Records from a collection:
++++++++++

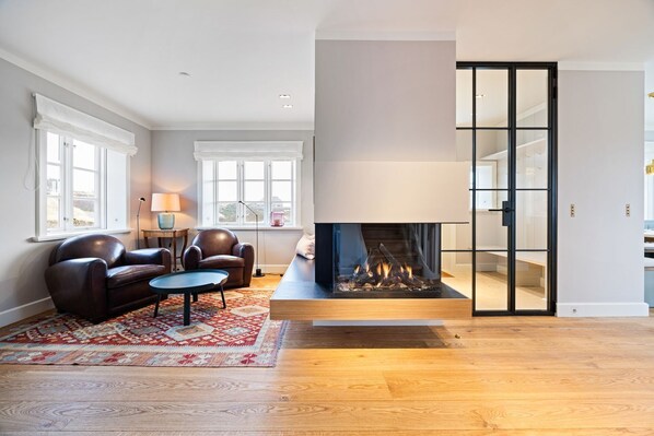 Der offene Wohn- und Essbereich beeindruckt mit einer stilvollen Einrichtung und einer einladenden Atmosphäre. Der große Esstisch, ein rustikaler Brauhaustisch in einer sonnigen Sitzecke, lädt zu geselligen Mahlzeiten ein. Gegenüber befindet sich die moderne Kochinsel, die die offene Raumgestaltung perfekt abrundet. Der elegante Gaskamin sorgt an kühleren Abenden für wohlige Wärme und Gemütlichkeit. In der Sofaecke oder den zwei bequemen Ledersesseln können Sie entspannen und die einmalige Aussicht auf die Dünenlandschaft genießen.
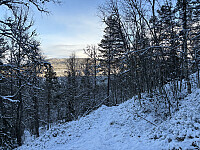 Neste stopp var Lauvåshaugen. For å unngå å kjøre nesten helt til topps valgte jeg å parkere i en lomme ved innkjøringen til hyttefeltet NV for toppen. Herfra gikk jeg langs veien et stykke og etter hvert på god sti på kanten langs hyttefeltet. Like før selve toppkollen kom jeg inn på veien igjen som jeg fulgte opp til den øverste hytta. Herfra ble det bushing de siste hundre meterne opp til toppen. Noe utsikt mellom trærne, men egentlig en ganske stusselig topp!
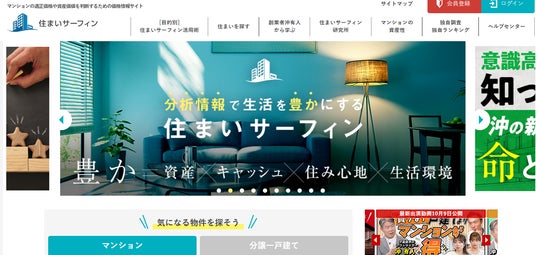 住まいサーフィン サイト概要マンションの適正価格や資産価値を判断するための価格情報サイト。2004年より会員制に移行し、マンションの売買をする時に知りたい情報を”見える化”、購入・売却検討者が知ることが難しかった不動産情報を提供し、持ち家取得を後押ししている。マンションの査定価格・相場情報と会員の物件評価・デベロッパー評価などの豊富なコンテンツを持つ。中古マンション販売データ約280万件、賃貸データ約1億件を保有し、会員数は31万人(2024年10月時点)を超える業界最大級の不動産ビッグデータカンパニーとして、不動産情報を調査・分析するスタイルアクト株式会社が運営している。
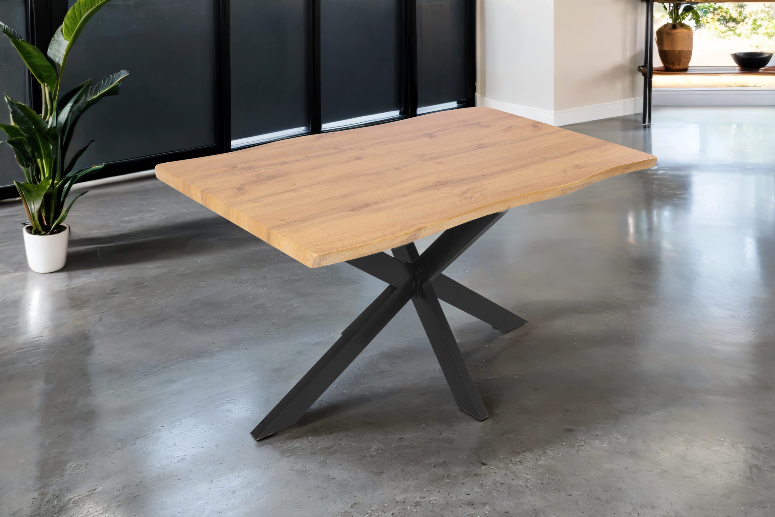 Esstisch Josy | Holz Wildeiche-Optik | Spider-Gestell Metall schwarz | 120 x 80 cm | 40 mm Tischplatte mit gefräster Baumkante
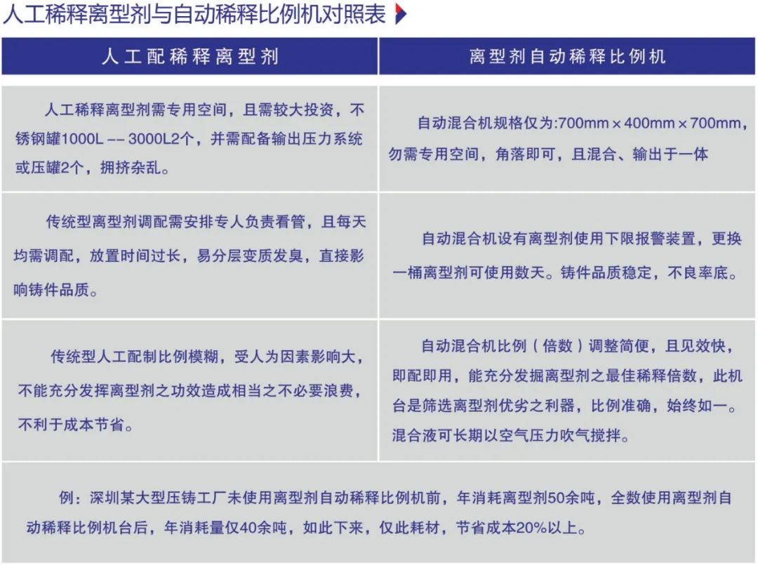 離型劑自動稀釋比例機 離型劑自動稀釋比例機是東莞永晟主打產品之一,與傳統人工操作來比,其自動混合機規格僅為700mmx400mmx700mm,勿需專用空間,角落即可,且混合、輸出于一體;自動混合機設有離型劑使用下限報警裝置,更換一桶離型劑可使用數天。壓鑄件品質穩定,不良率底。自動混合機比例(倍數)調整簡便,見效快,即配即用,能充分發掘離型劑之最佳稀釋倍數。該機臺是篩選離型劑優劣之利器,比例準確,始終如一。混合液可長期以空氣壓力吹氣攪拌。
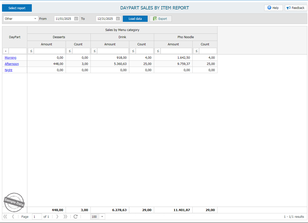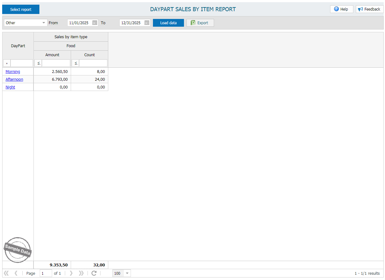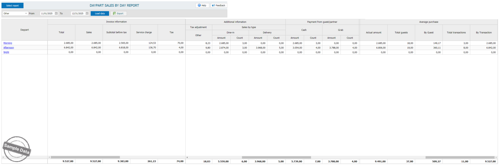 Go to Report/Sales. Click Select report and Daypart sales by day report.
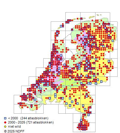 Bron: FLORON - Gemodelleerd op basis van waarnemingen uit de NDFF voor de periode 2000-2021.
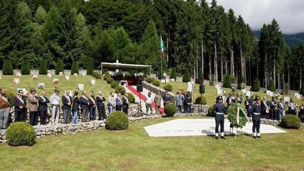 - Dietro l'altare vi sono i simboli dei vari corpi militari e dei partigiani e deportati.
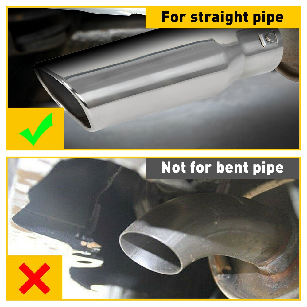 Warm Tips: 1.Please measure the outside diameter of your exhaust pipe before purchase, otherwise our product will not fit your car. This tips fit only 1.5-2.4 inch outlet tailpipe 2.Please check your original tailpipe's type. Straight tailpipe is for straight type, and curved tailpipe is for curved type.
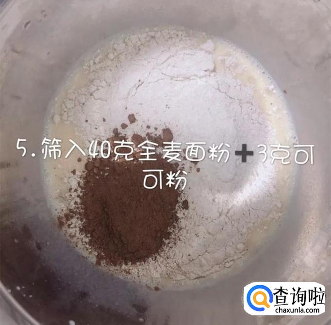 接着筛入40克的全麦面粉和3克的可可粉,如下图所示。
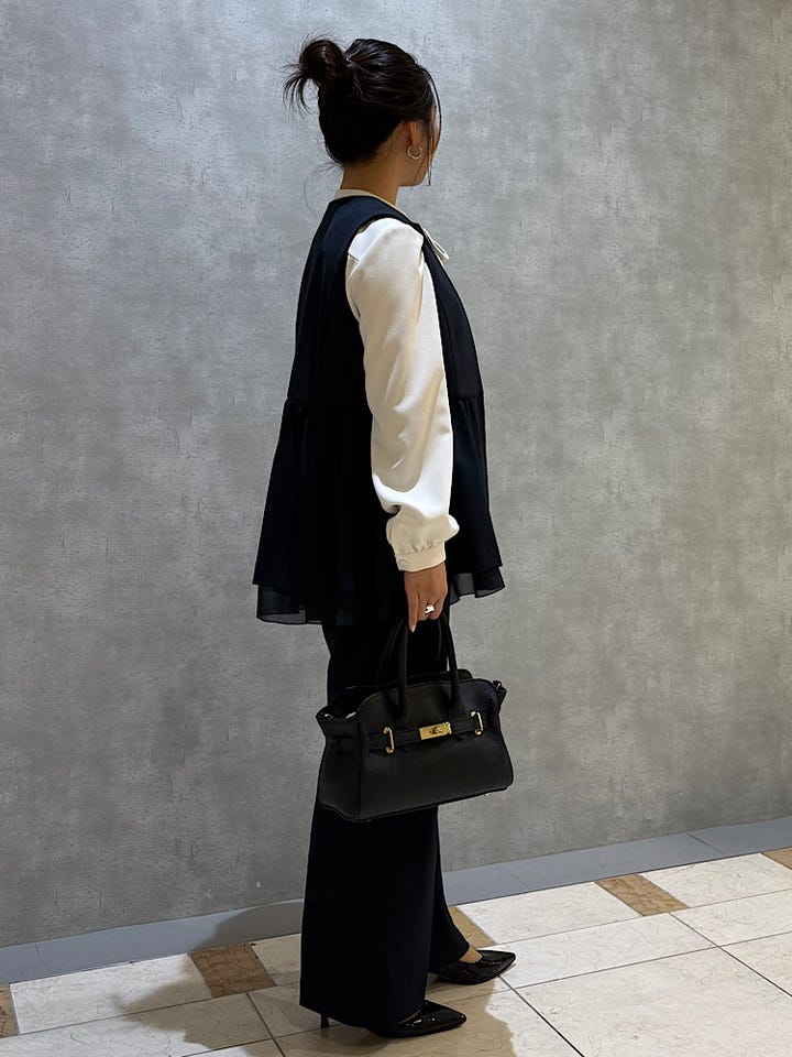 着用感 : シンプルなデザインながらお洒落見えする大人上品なジレです。マットな質感の素材に、裾にはオーガンジーの透け感のある素材を重ねてあり、ネイビーでも軽い印象になります。後丈の方が長めでヒップラインが隠れるのも嬉しいポイントです。
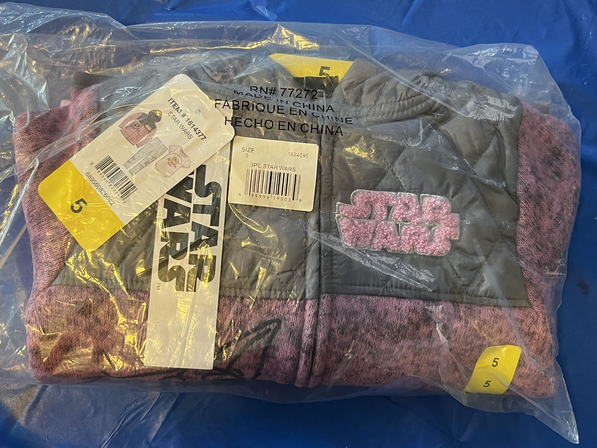 Baby Yoda star wars 3pc fleece set pink sz 5T. New $12. Pick up in south LA by Central and Century or Vermont and slauson.
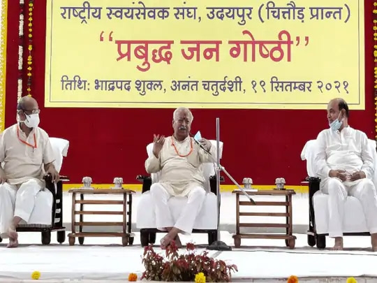 ఉయపూర్ విద్యా నికేతన్ సెక్టార్ -4లో ఆదివారం నిర్వహించిన జ్ఞానోదయ సెమినార్లో భగవత్ ముఖ్యఅతిథిగా పాల్గొని, మాట్లాడారు. సంఘ ప్రయోజనం, ఆలోచన, పద్ధతి అనే అంశాలపై ప్రసంగిస్తూ, ఒక వ్యక్తిని నిర్మించడమే సంఘ్ లక్ష్యం అని అన్నారు. వ్యక్తి నిర్మాణం ద్వారా సమాజ నిర్మాణం సాధ్యమవుతుంది, సమాజ నిర్మాణం ద్వారా దేశ నిర్మాణం సాధ్యమవుతుంది.
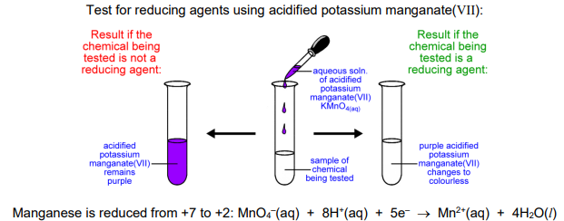 - Acidified potassium manganate(VII) \( (\text{KMnO}_4) \)
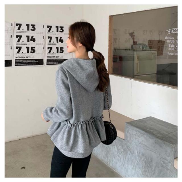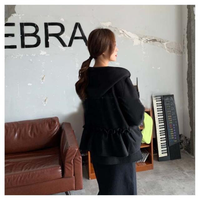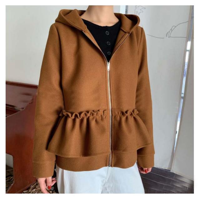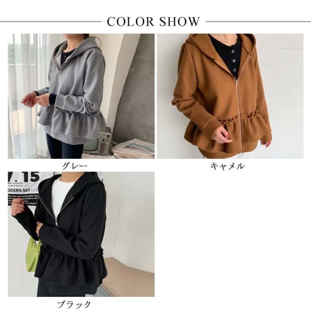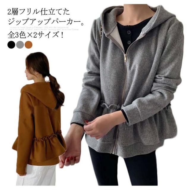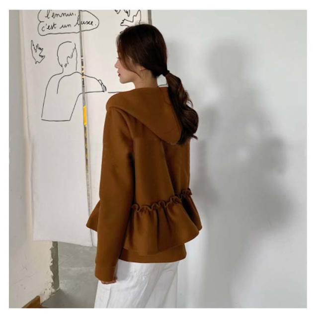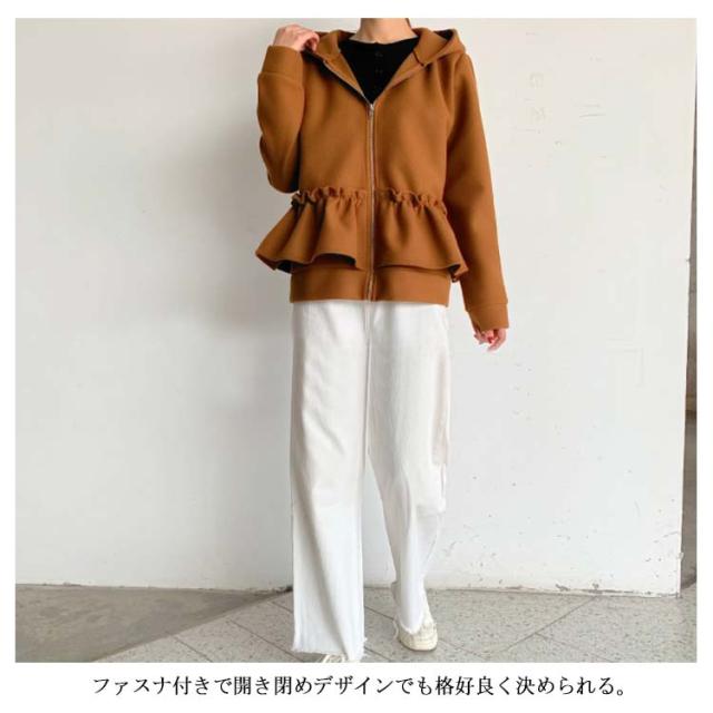 全3色×2サイズ!フリルジャケット レディース ショートコート ショートジャケット パーカー ジップアップ フード付き フリル 大人可愛い 秋冬 冬物
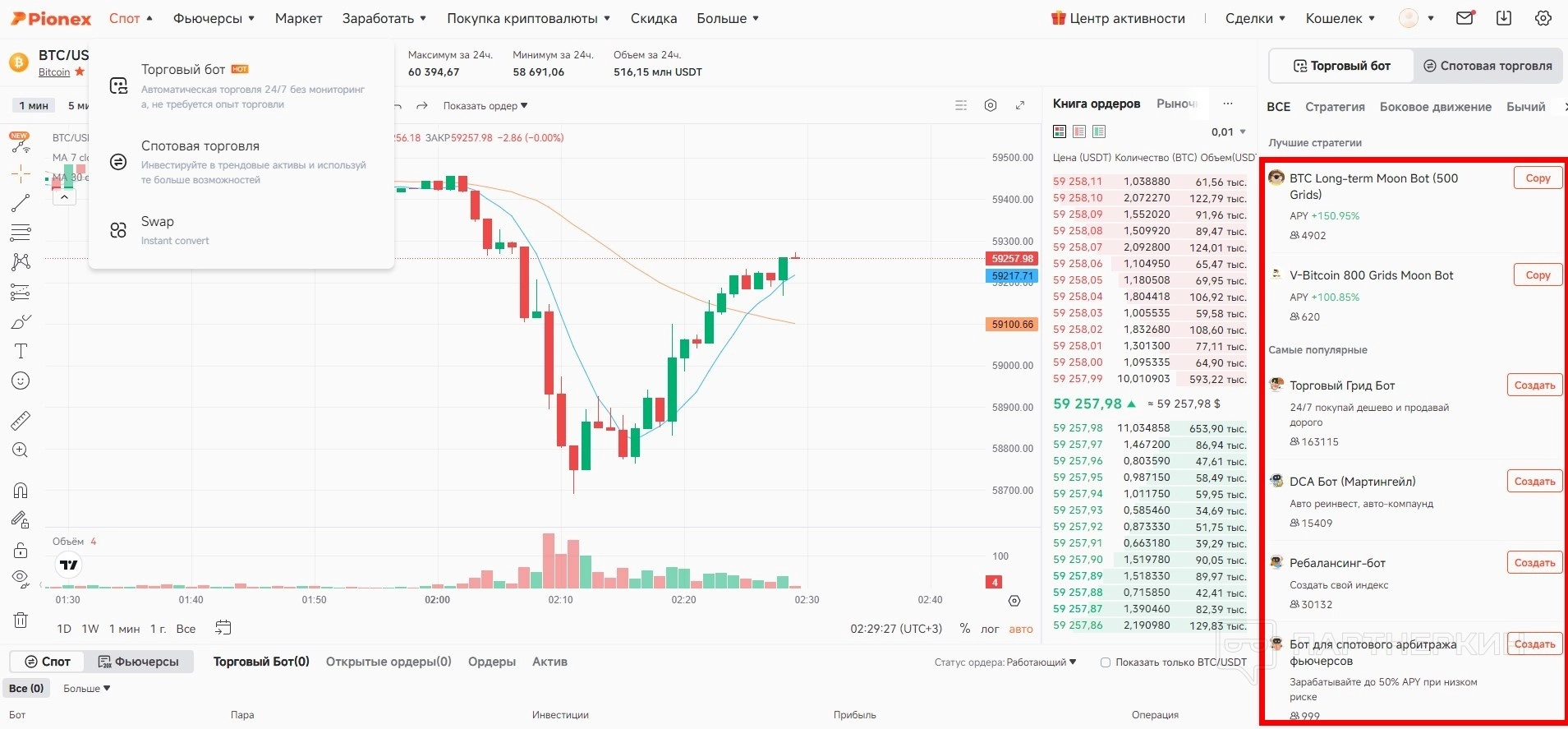 Особое внимание уделяется встроенным торговым ботам, которые адаптируются к потребностям пользователей. В отличие от аналогичных решений на других биржах, боты
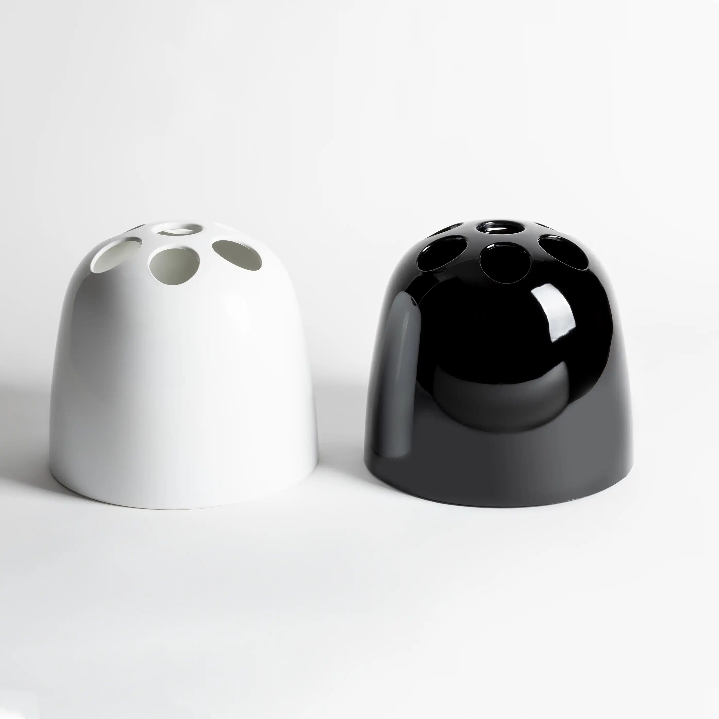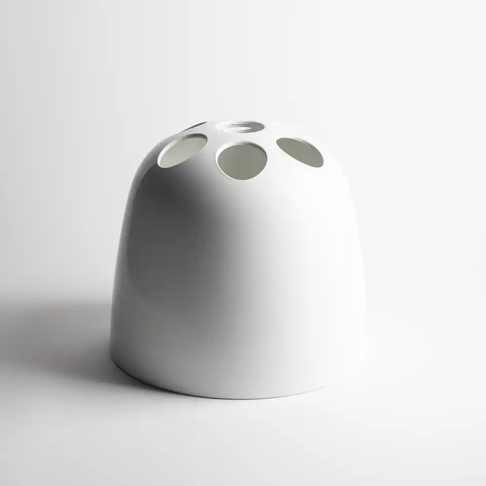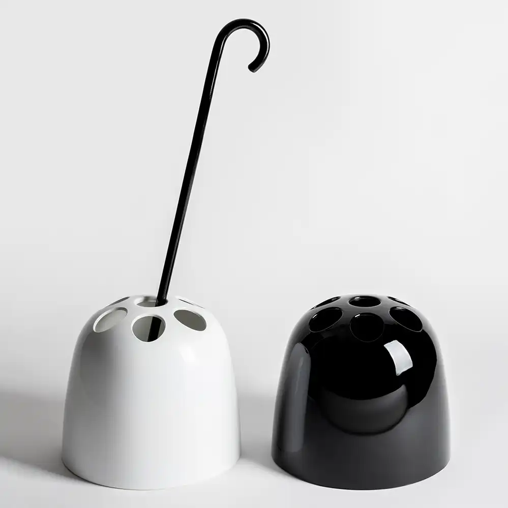 Der Dedalo Schirmständer, ursprünglich 1966 von Emma Gismondi Schweinberger für Artemide entworfen, ist eine Ikone des Space-Age-Designs. Die aktuelle Reedition der Artemide-Tochter Danese Milano bewahrt die charakteristische organische Form und kombiniert sie mit hochwertigem, glänzendem Kunststoff. Mit seinen großzügigen Öffnungen bietet Dedalo eine stilvolle und funktionale Lösung zur Aufbewahrung von Regenschirmen.

++++++++++

» **Exercise aim**
Leaving every picture aside, reproduce exactly the lines above from the one with "- Dietro l'altare" up to and including the one with "全3色×2サイズ!フリルジャケット レディース ショートコート", and no others.

» **Your solution**
 - Dietro l'altare vi sono i simboli dei vari corpi militari e dei partigiani e deportati.
 Warm Tips: 1.Please measure the outside diameter of your exhaust pipe before purchase, otherwise our product will not fit your car. This tips fit only 1.5-2.4 inch outlet tailpipe 2.Please check your original tailpipe's type. Straight tailpipe is for straight type, and curved tailpipe is for curved type.
 接着筛入40克的全麦面粉和3克的可可粉,如下图所示。
 着用感 : シンプルなデザインながらお洒落見えする大人上品なジレです。マットな質感の素材に、裾にはオーガンジーの透け感のある素材を重ねてあり、ネイビーでも軽い印象になります。後丈の方が長めでヒップラインが隠れるのも嬉しいポイントです。
 Baby Yoda star wars 3pc fleece set pink sz 5T. New $12. Pick up in south LA by Central and Century or Vermont and slauson.
 ఉయపూర్ విద్యా నికేతన్ సెక్టార్ -4లో ఆదివారం నిర్వహించిన జ్ఞానోదయ సెమినార్లో భగవత్ ముఖ్యఅతిథిగా పాల్గొని, మాట్లాడారు. సంఘ ప్రయోజనం, ఆలోచన, పద్ధతి అనే అంశాలపై ప్రసంగిస్తూ, ఒక వ్యక్తిని నిర్మించడమే సంఘ్ లక్ష్యం అని అన్నారు. వ్యక్తి నిర్మాణం ద్వారా సమాజ నిర్మాణం సాధ్యమవుతుంది, సమాజ నిర్మాణం ద్వారా దేశ నిర్మాణం సాధ్యమవుతుంది.
 - Acidified potassium manganate(VII) \( (\text{KMnO}_4) \)
 全3色×2サイズ!フリルジャケット レディース ショートコート ショートジャケット パーカー ジップアップ フード付き フリル 大人可愛い 秋冬 冬物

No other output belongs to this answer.